The Best Way to Determine Adrenal Fatigue Is How You Feel After Exercise

Summary

Post-exercise recovery is a reliable indicator of adrenal health and heart health. If you struggle to recover after workouts — feeling exhausted, unable to sleep, or sore for extended periods — it signals that your adrenals and heart may not be strong enough to handle your current exercise load. Adjusting workout intensity and duration is the recommended solution.


Key Takeaways

  • How you feel after exercise is one of the best indicators of adrenal fatigue and overall cardiovascular health
  • Slow or poor recovery after exercise suggests your adrenals and heart are under strain
  • Persistent next-day exhaustion is a warning sign worth paying attention to
  • An elevated or slow-to-recover pulse rate after stopping exercise is a red flag
  • Soreness lasting several days points to insufficient recovery capacity
  • Sleep disturbances the night after exercise can indicate adrenal stress
  • The fix is simple: reduce exercise time and intensity, then gradually build back up

Details

Signs Your Adrenals and Heart Are Struggling

After a workout of a given intensity and duration, your body should rebound relatively quickly. According to Dr. Berg, the following post-exercise symptoms suggest your adrenal glands and heart are not yet strong enough for that level of exercise:

  • Prolonged fatigue — feeling tired or exhausted the next day
  • Elevated heart rate — pulse not coming down after stopping exercise
  • Sleep disruption — inability to sleep the night following a workout
  • Extended muscle soreness — soreness that persists for multiple days rather than resolving within 24–48 hours

What These Symptoms Mean

These recovery issues are framed as a reflection of adrenal health and heart strength. The adrenal glands play a key role in the body’s stress response and recovery processes. When they are overburdened or fatigued, the body loses its ability to efficiently bounce back from physical stress.

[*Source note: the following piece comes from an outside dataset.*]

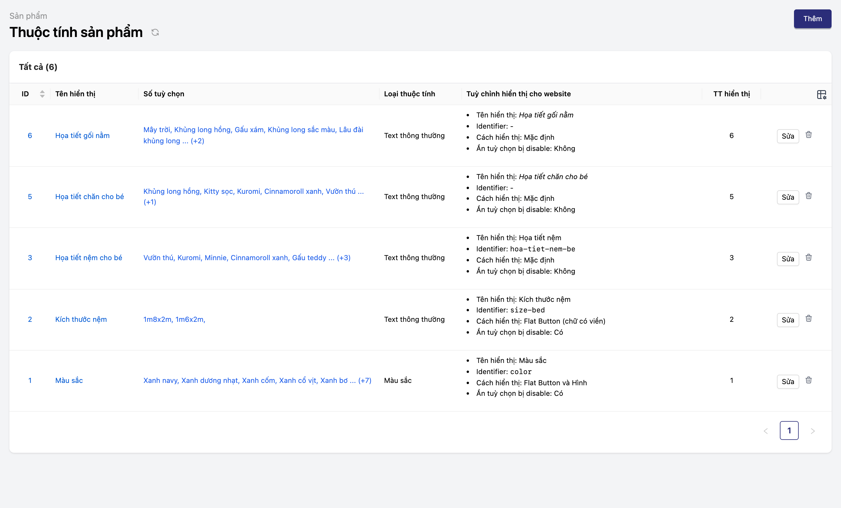 - Màn hình danh sách hiển thị dạng bảng với các cột: ID, Tên hiển thị, Số tuỳ chọn, Loại thuộc tính, Tùy chỉnh hiển thị cho website, TT hiển thị.
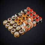 Состав: мидии, снежный краб, огурец, икра красная, соус “Гавайский”, нори, рис.

The approach is straightforward:

  1. Reduce the duration and intensity of your workouts if you are experiencing poor recovery
  2. Monitor how you feel after each session as a feedback mechanism
  3. Gradually increase the intensity and duration over time as your recovery improves

This progressive approach allows the adrenals and heart to strengthen incrementally without being overtaxed.